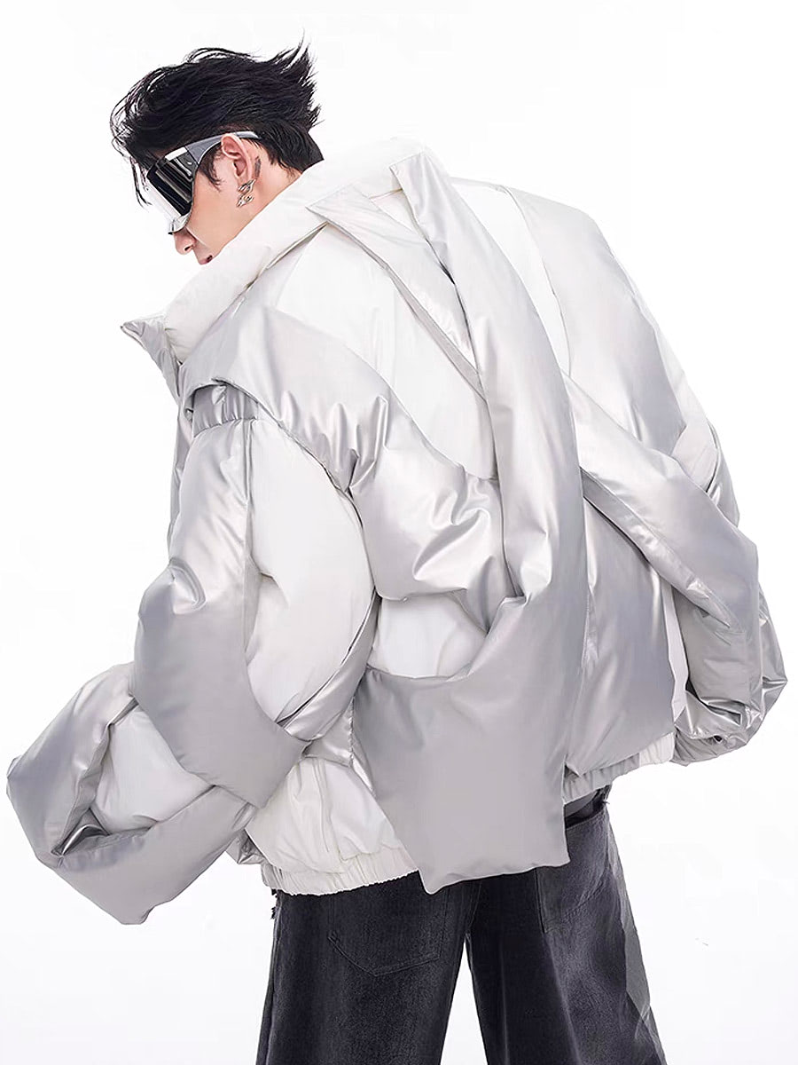 Long-Sleeve Winter Jacket in futuristic aesthetics inspired by the fashion of sci-fi films.
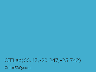 CIELab 66.47,-20.247,-25.742 Color is a normal blue color and the nearest color is Maximum Blue #47abcc. Hex code #42aecf and RGB value is rgb(66,174,207). In RGB color space, this color is composed of 26% red, 68% green, 81% blue, In CMYK color space, this color is composed of 68% cyan, 16% magenta, 0% yellow , 19% black , In HSL color space, this color has a hue angle of 194° , 59% saturation and 54% lightness.
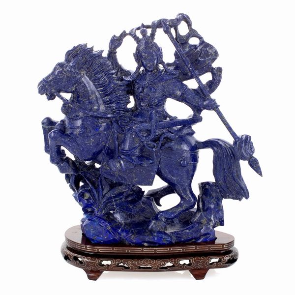 XX Sec. scolpito a raffigurare un cavaliere orientale, poggiante su base sagomata in legno
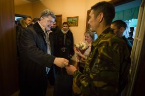 Президент Петр Порошенко посетил семью участника АТО Николая Лозяка в Ивано-Франковской области
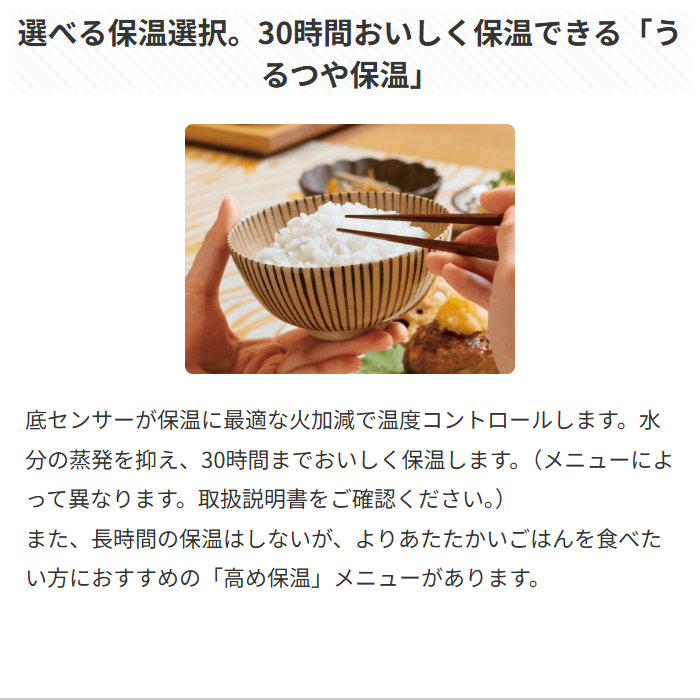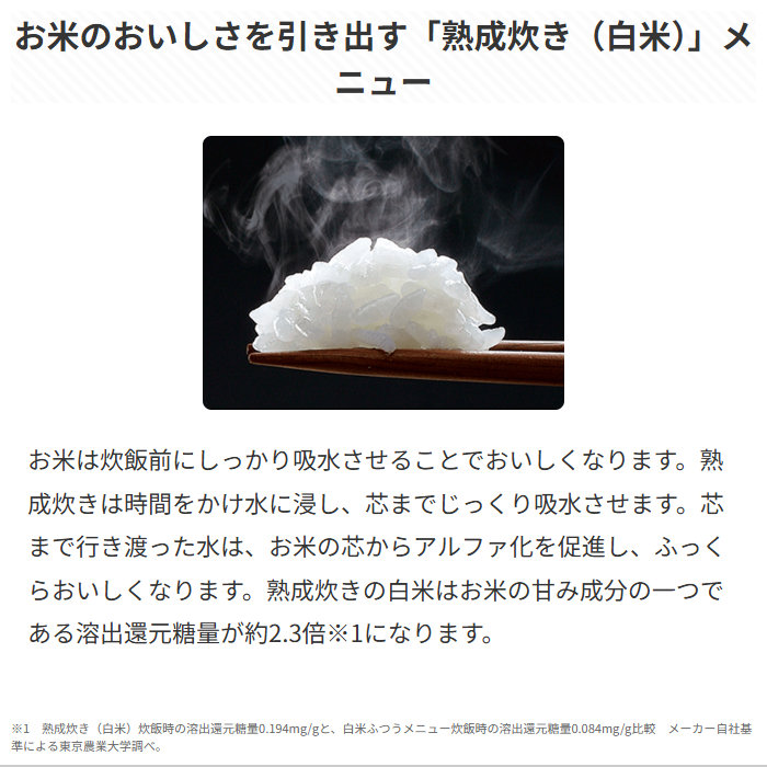 ■炊飯容量(白米L):0.09~0.54(0.5合~3合)■電源 : 交流100V 50/60Hz■消費電力 : 700W■炊飯方式 : IH方式■コードの長さ : 1.0m(コードリールつき)■外形寸法(約cm) : 幅23×奥行30×高さ19(36※1)■質量 : 約3.2kg■最大炊飯容量 : 0.54L■区分名 : A■蒸発水量 : 28.6g■年間消費電力量 : 50.3kWh/年■1回当たりの炊飯時消費電力量 : 115Wh■1時間当たりの保温時消費電力量 : 14.7Wh■1時間当たりのタイマー予約時消費電力量 : 1.04Wh■1時間当たりの待機時消費電力量 : 0.95Wh

__Directions__:
For the data above, return an exact copy that contains no pictures.

__Solution to this problem__:
 Long-Sleeve Winter Jacket in futuristic aesthetics inspired by the fashion of sci-fi films.
 CIELab 66.47,-20.247,-25.742 Color is a normal blue color and the nearest color is Maximum Blue #47abcc. Hex code #42aecf and RGB value is rgb(66,174,207). In RGB color space, this color is composed of 26% red, 68% green, 81% blue, In CMYK color space, this color is composed of 68% cyan, 16% magenta, 0% yellow , 19% black , In HSL color space, this color has a hue angle of 194° , 59% saturation and 54% lightness.
 XX Sec. scolpito a raffigurare un cavaliere orientale, poggiante su base sagomata in legno
 Президент Петр Порошенко посетил семью участника АТО Николая Лозяка в Ивано-Франковской области
 ■炊飯容量(白米L):0.09~0.54(0.5合~3合)■電源 : 交流100V 50/60Hz■消費電力 : 700W■炊飯方式 : IH方式■コードの長さ : 1.0m(コードリールつき)■外形寸法(約cm) : 幅23×奥行30×高さ19(36※1)■質量 : 約3.2kg■最大炊飯容量 : 0.54L■区分名 : A■蒸発水量 : 28.6g■年間消費電力量 : 50.3kWh/年■1回当たりの炊飯時消費電力量 : 115Wh■1時間当たりの保温時消費電力量 : 14.7Wh■1時間当たりのタイマー予約時消費電力量 : 1.04Wh■1時間当たりの待機時消費電力量 : 0.95Wh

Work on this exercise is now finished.